Give the listing again word for word. Leave every image out.

### Dataset extract
════════════════════

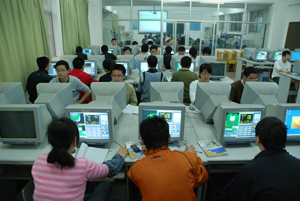 数控工艺设计与编程实验室投资50万元,有55个工作点,安装企业生产中使用最多的设计编程应用软件。设置了模拟机床操作和检验程序的仿真操作系统,并与数控原理实验室联网通讯。数控工艺设计与编程实验室与数控原理实验室配合可使学生完成工程识图、产品造型、程序设计及后处理、计算机通讯、机床工作调查、刀具选用、生产产品等数控加工的全部工作过程。
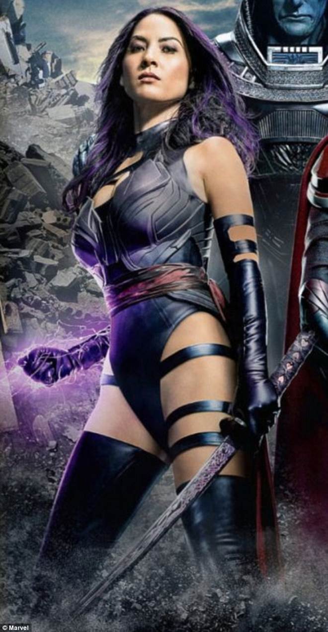 Tạo hình nóng bỏng của Olivia Munn vai Psylocke trong phim X-Men: Apocalypse. Đây là vai diễn lớn trong sự nghiệp diễn xuất của cô, giúp người đẹp được nhiều khán giả biết đến hơn.
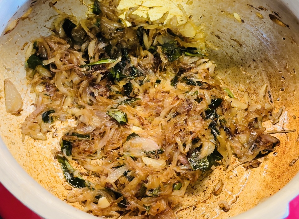 Add the sliced onions and curry leaves, and sauté until golden brown.
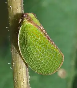 Acanalonia bivittata, the two-striped planthopper, is a species of planthopper in the family Acanaloniidae, and the most common and widespread member of the genus Acanalonia.[2][3] Adults of this species are typically green, though occasionally pink. There is a reddish stripe on the inner edge of the wing.[2]

════════════════════

### Solution to this exercise
 数控工艺设计与编程实验室投资50万元,有55个工作点,安装企业生产中使用最多的设计编程应用软件。设置了模拟机床操作和检验程序的仿真操作系统,并与数控原理实验室联网通讯。数控工艺设计与编程实验室与数控原理实验室配合可使学生完成工程识图、产品造型、程序设计及后处理、计算机通讯、机床工作调查、刀具选用、生产产品等数控加工的全部工作过程。
 Tạo hình nóng bỏng của Olivia Munn vai Psylocke trong phim X-Men: Apocalypse. Đây là vai diễn lớn trong sự nghiệp diễn xuất của cô, giúp người đẹp được nhiều khán giả biết đến hơn.
 Add the sliced onions and curry leaves, and sauté until golden brown.
 Acanalonia bivittata, the two-striped planthopper, is a species of planthopper in the family Acanaloniidae, and the most common and widespread member of the genus Acanalonia.[2][3] Adults of this species are typically green, though occasionally pink. There is a reddish stripe on the inner edge of the wing.[2]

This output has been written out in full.